By the way, I did not suspect that changing coordinators (back and forth) was so easy - thank you, Koenkk, for a great job.

Re-pairing an unresponsive device shows information in Z2M that the device left the network (what?) before pairing again. However, with so many devices hidden in the wall, re-pairing all was not an option.

Finally, Availability: I could not change Availability over Z2M GUI as it shows errors: "should be boolean should be object should match exactly one schema in oneOf Checks whether devices are online/offline etc" So, I removed Availability from the config file: Availability: active: timeout: 10 passive: timeout: 1500 After removing the Availability, all devices and the network work like charms on Z2M 1.39.1 without any error.

Zigbee2MQTT version

1.39.1

Adapter firmware version

20230507 or 20240716

Adapter

SONOFF Zigbee 3.0 USB Dongle Plus-P or SLZB-06P7

Setup

Runs on docker on x86-64 as a container.

Debug log

No response

Koenkk commented 1 month ago

Could you provide the debug log of this with the 20240716 fw?

See this on how to enable debug logging.

mrespin commented 1 month ago

I have separate logs for SLZB-06P7 with 20240716 and mixed logs (20230507 or 20240716) for Sonoff USB Dongle Plus-P due to testing two coordinators with different firmware versions SLZB-06P7_z2m_N02.zip SonOff.zip

mrespin commented 1 month ago

Hi Koen, I have a 55MB pcapng file from Wireshark 800K decoded Zigbee packets; let me know if you need them.

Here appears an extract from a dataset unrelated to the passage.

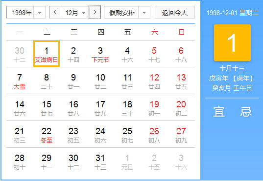公历1998年12月1日, 农历1998年10月13日, 阴历一九九八戊寅年十月十三日,星期2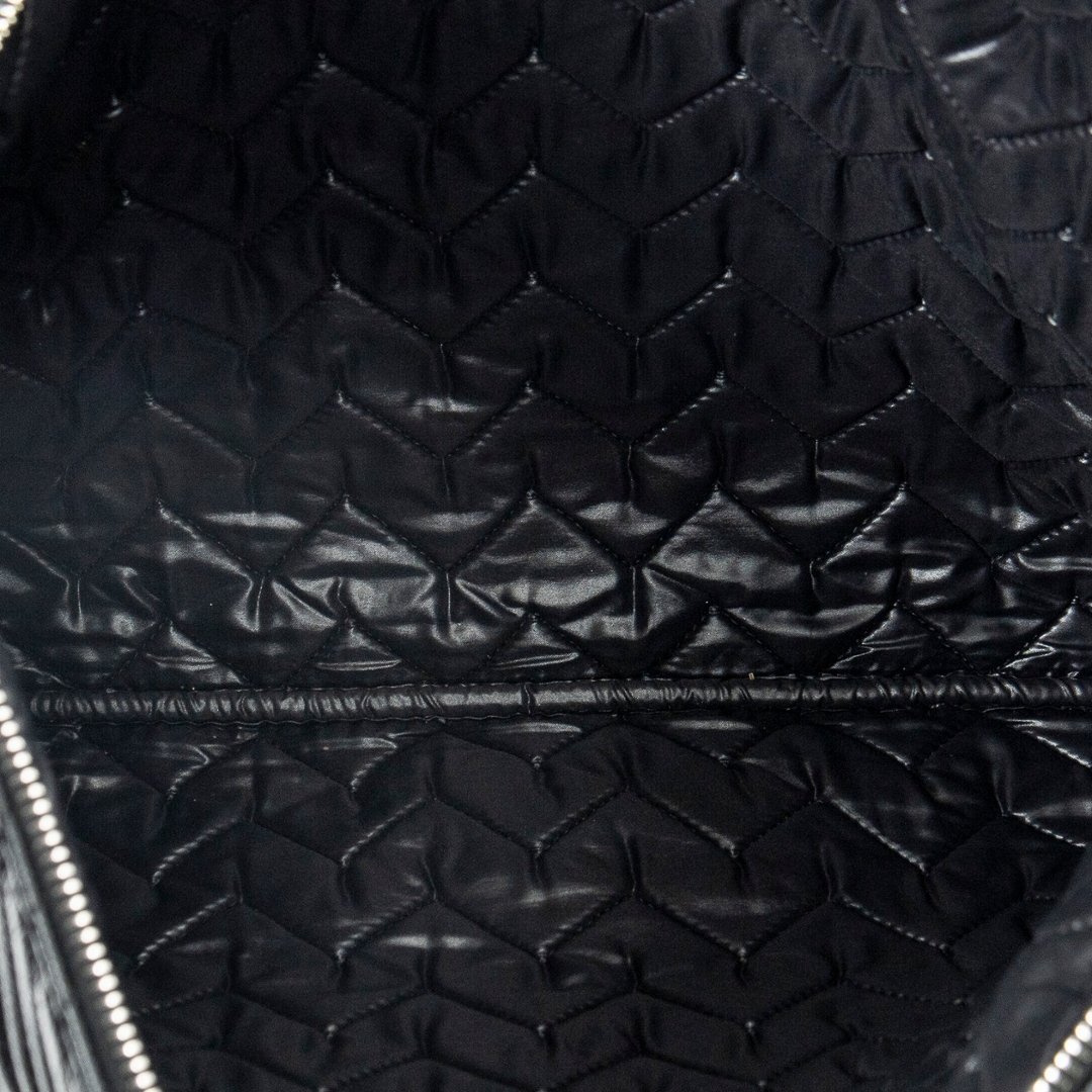 A vintage Chanel black chevron calf leather Large Chevron O-Case Zip bag, offering a refined and contemporary take on a classic Chanel accessory. Crafted from durable calf leather, the distinctive chevron quilting creates a dynamic textured finish, while the subtle CC logo detail adds a discreet yet instantly recognisable signature.

astan00 commented 1 month ago

I noticed same problem today after power failure. My setup:
z-stack v 20230507 z2m: 1.39.1

Network randomly puts devices offline. Repairing helps, but often these newly paired goes offline too. Most battery-powered are offline since power failure.

I use identical setup elsewhere, with no issues.

Debug logs attached. log.zip

Koenkk commented 1 month ago

@mrespin I need the debug logging from starting z2m until the errors. The sniff would also be nice to have

See this on how to enable debug logging.

@astan00

Network randomly puts devices offline. Repairing helps, but often these newly paired goes offline too. Most battery-powered are offline since power failure.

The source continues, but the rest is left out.